- _Problem_
Give back the exact lines of the material below from the one containing "Diese Fototapete ist" through the one containing "Se reparaba este", and no pictures.

- _Materials provided_
......

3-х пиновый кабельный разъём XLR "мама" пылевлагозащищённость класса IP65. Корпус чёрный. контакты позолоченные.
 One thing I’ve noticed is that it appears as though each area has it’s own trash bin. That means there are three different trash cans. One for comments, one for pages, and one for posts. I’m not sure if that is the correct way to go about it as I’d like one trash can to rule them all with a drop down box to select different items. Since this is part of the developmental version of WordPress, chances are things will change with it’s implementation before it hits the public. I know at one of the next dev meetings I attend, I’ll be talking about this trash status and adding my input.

......

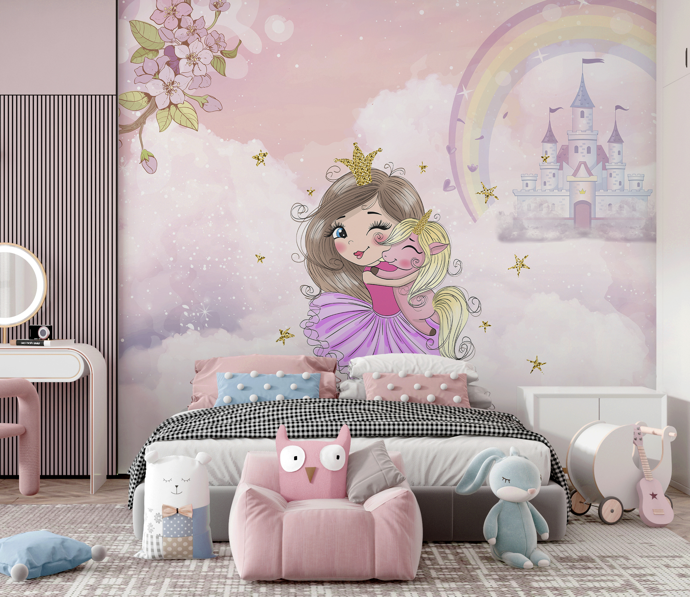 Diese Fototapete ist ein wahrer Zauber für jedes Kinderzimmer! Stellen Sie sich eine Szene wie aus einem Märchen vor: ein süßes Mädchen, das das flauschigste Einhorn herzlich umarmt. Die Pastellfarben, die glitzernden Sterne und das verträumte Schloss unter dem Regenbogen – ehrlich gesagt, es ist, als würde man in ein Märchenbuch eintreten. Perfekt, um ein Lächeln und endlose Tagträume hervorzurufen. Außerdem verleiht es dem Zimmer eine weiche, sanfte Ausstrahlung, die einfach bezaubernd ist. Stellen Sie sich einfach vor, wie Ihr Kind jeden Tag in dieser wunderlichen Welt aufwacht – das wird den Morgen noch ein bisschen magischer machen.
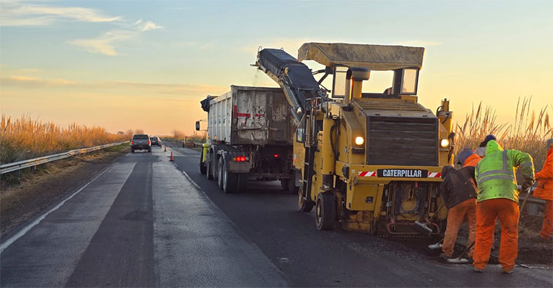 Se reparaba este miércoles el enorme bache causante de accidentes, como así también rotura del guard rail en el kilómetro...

......

- _Output of the task_
 Diese Fototapete ist ein wahrer Zauber für jedes Kinderzimmer! Stellen Sie sich eine Szene wie aus einem Märchen vor: ein süßes Mädchen, das das flauschigste Einhorn herzlich umarmt. Die Pastellfarben, die glitzernden Sterne und das verträumte Schloss unter dem Regenbogen – ehrlich gesagt, es ist, als würde man in ein Märchenbuch eintreten. Perfekt, um ein Lächeln und endlose Tagträume hervorzurufen. Außerdem verleiht es dem Zimmer eine weiche, sanfte Ausstrahlung, die einfach bezaubernd ist. Stellen Sie sich einfach vor, wie Ihr Kind jeden Tag in dieser wunderlichen Welt aufwacht – das wird den Morgen noch ein bisschen magischer machen.
 Se reparaba este miércoles el enorme bache causante de accidentes, como así también rotura del guard rail en el kilómetro...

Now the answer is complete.